It lacked any meaningful commitment to disarmament instead only served to retain the existing status quo. It must be noted that India continues to call for universal nuclear disarmament even after the tests. Pakistan’s refusal to join the NPT has its roots in its perception of the strategic situation in the region.
Pakistan called for an effective security guarantee that would contain the following provisions: (i) prohibition of first use of nuclear weapons by nuclear weapon states; (ii) immediate assistance for a non-weapon state which is a victim of a nuclear aggression; (iii) assistance before the Security Council can act; and (iv) a security guarantee which would include all non-weapon states which have renounced the manufacture or acquisition of nuclear weapons, irrespective of whether they have signed the NPT. Following the Indian nuclear test of 1974, Pakistan made a public declaration of its intention to enter the nuclear field. It also introduced in the United Nations the concept of a Nuclear Free Zone in South Asia and the Indian Ocean. In the later years, Pakistan’s posture on the CTBT came to be closely linked to the Indian stand.
Pakistan did not oppose the CTBT but abstained on the issue in the United Nations. The Indo-Pakistan nuclear relationship attempted a significant step in form of a non formalised 1985 agreement – neither India nor Pakistan would attack the other’s nuclear facilities.

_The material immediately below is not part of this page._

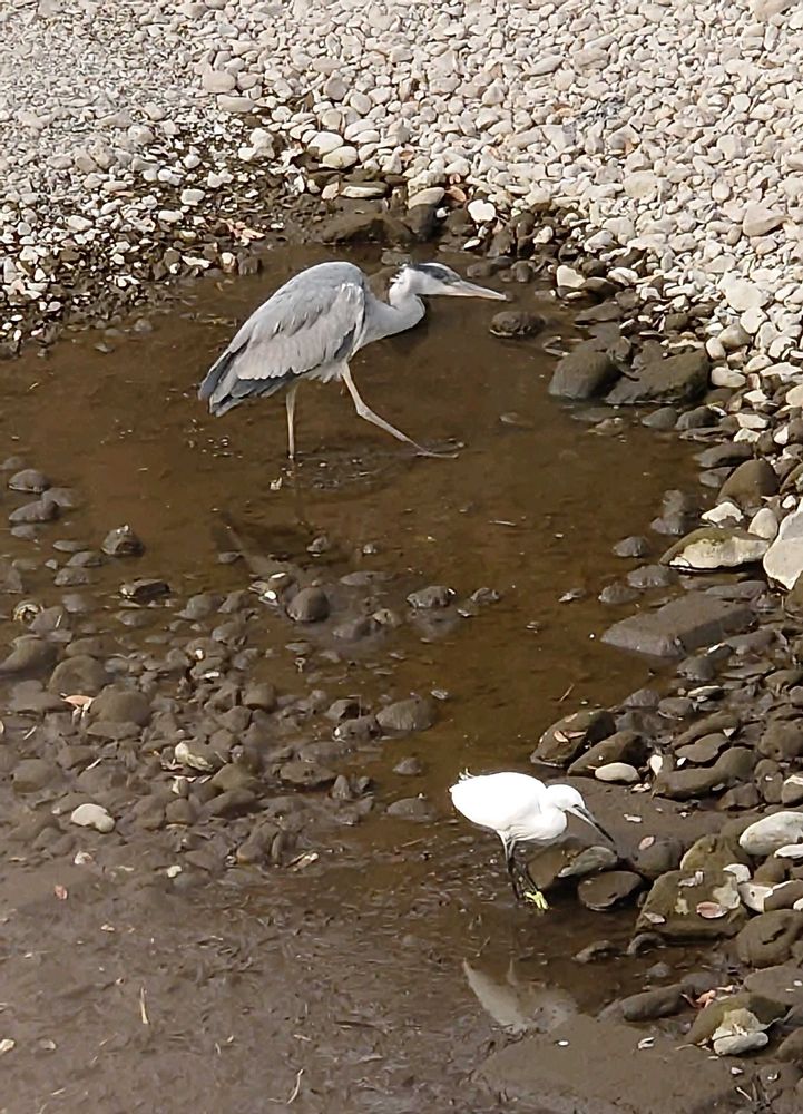 雨が降らなくて、川の水がかれてきましたが、いつものようにサギ親子が餌探ししていました😀 雨は好きではありませんが、サギ親子のためにも、雨乞いせねば🙏

The second step was joint agreement for inspection of all nuclear sites by the International Atomic Energy Agency. A pact between the two countries to allow for mutual inspection of sites was also proposed. Pakistan had also proposed a South Asian nuclear-free zone. In the post 1998 scenario, Pakistan has rejected Indian proposals for a treaty of no-first use of nuclear weapons, and has said that it would consider using nuclear weapons if it felt its existence to be threatened. Pakistan relies on this threat of first-use because India possesses superior conventional military forces.